= National Organization of Life and Health Insurance Guaranty Associations =

The National Organization of Life and Health Insurance Guaranty Associations (often abbreviated NOLHGA) is a voluntary, U.S. association made up of the life and health insurance guaranty associations of all 50 states and the District of Columbia. NOLHGA was founded in 1983 to coordinate the efforts of state guaranty associations to provide protection to policyholders when their multi-state life or health insurance company becomes insolvent. The organization is based in Herndon, Virginia.

==Mechanism==
When an insurance company reports to its state insurance regulator that it is in financial trouble, the state will first attempt to assist the company back toward financial stability. If the state insurance department determines the company cannot be saved, then the insurance commissioner asks the state court to order the liquidation of the company. Once the order to liquidate a company that operates in multiple states is handed down, NOLHGA, on behalf of affected member state guaranty associations, assembles a task force of affected guaranty associations to analyze the company’s commitments to policyholders. Each affected state guaranty association pays out claims to the insurance company's policyholders in the state; in some instances, the associations arrange for policies to be transferred to a financially sound insurer. Each state guaranty association is governed by state law; most associations cover up to at least $300,000 for life insurance death benefits, $100,000 in cash surrender value for life insurance, $250,000 in withdrawal and cash values for annuities, and up to $500,000 in health insurance policy benefits (depending on the type of health insurance in question).

==Structure==
The National Organization of Life and Health Insurance Guaranty Associations has four main departments: administrative services, communications, insurance services, and legal.

===Administrative===
The Administrative Services Department supports NOLHGA by providing services such as human resources, accounting, membership records, and general facilities management.

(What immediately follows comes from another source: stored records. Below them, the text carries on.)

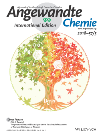近期,国际著名学术期刊Angewandte Chemie International Edition以前封面文章(front cover)的形式发表了437bwin必赢国际官网、微生物代谢国家重点实验室许平教授团队在可再生资源利用领域的最新研究进展“Temperature-directed biocatalysis for the sustainable production of aromatic aldehydes or alcohols”。陶飞副研究员为共同通讯作者,博士后倪俊和硕士生高琰琰为共同第一作者。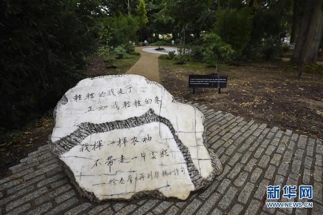 新華社英國劍橋8月10日電 通訊:詩歌為媒 草木關情——英國劍橋大學建中式花園紀念徐志摩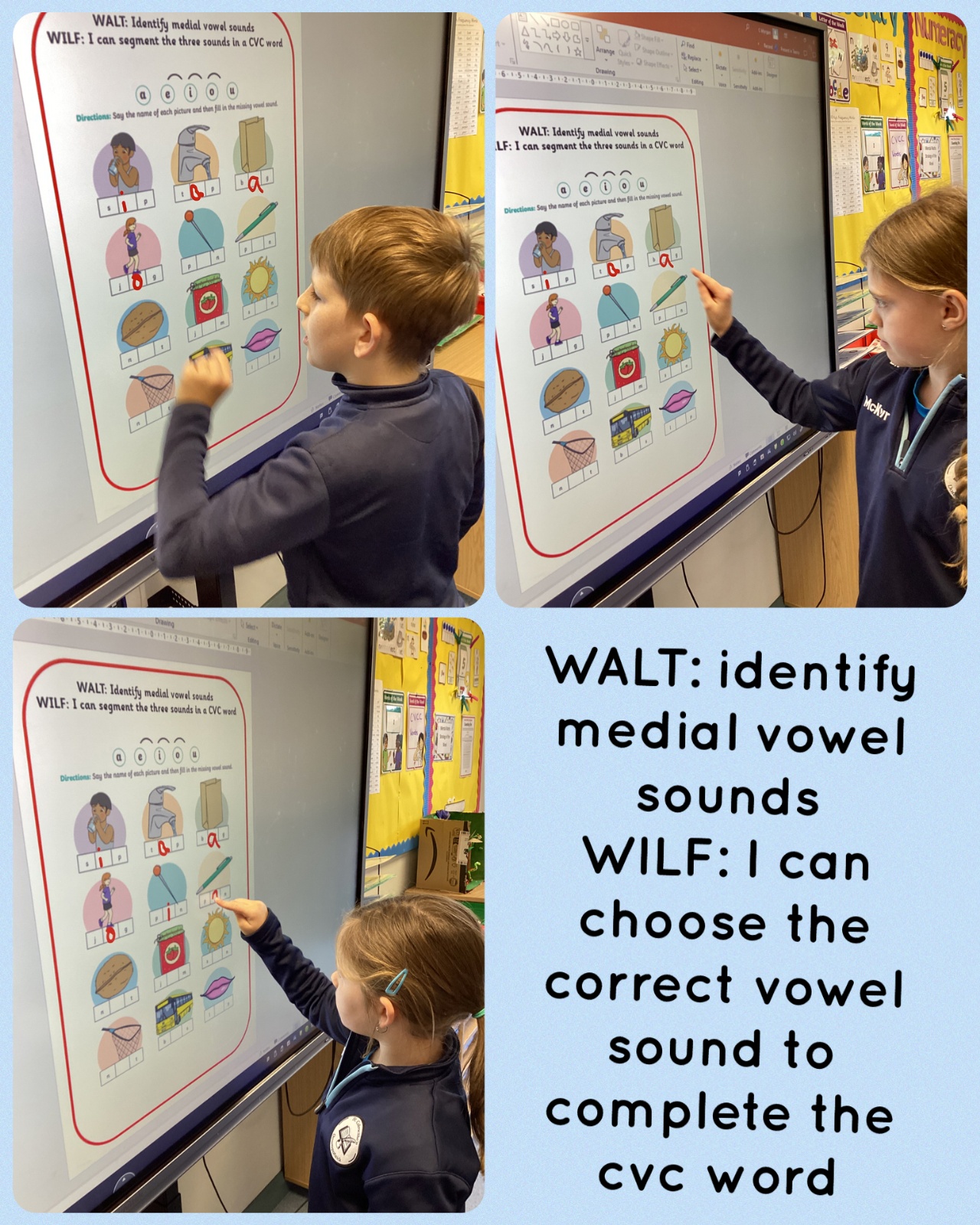 We are learning to identify vowel sounds. We played games to identify the medial vowel sounds in CVC words.

The department also plans and coordinates the Annual Meeting and provides support services to other departments and to the NOLHGA Board of Directors.

===Communications===
The Communications Department develops the organization's outreach efforts to its members, state insurance departments, receivers, insurance companies, and the media. In addition, the department provides communications assistance to individual state guaranty associations, the NOLHGA Board of Directors, and handles all media and public information inquiries.

===Insurance===
The Insurance Services Department coordinates all insolvency task force activities, including meetings and negotiations with receivers and assumption reinsurance companies concerning life and health insurers in rehabilitation or liquidation. This can include securing and managing legal, actuarial, and/or administrative services; seeking bids and evaluating the financial soundness of potential reinsurers; and determining the most cost-effective and efficient manner to continue policyholders’ coverage. Insurance Services also provides financial information on insolvencies to NOLHGA members.

===Legal===
The Legal Department provides legal counsel to insolvency task forces, committees, and the NOLHGA Board of Directors. The department collects and distributes legal information to member state guaranty associations and serves as an information resource for case laws. The department also coordinates the efforts of NOLHGA’s Legal Committee, which addresses issues pertaining to the insolvency process and develops strategies for related lawsuits.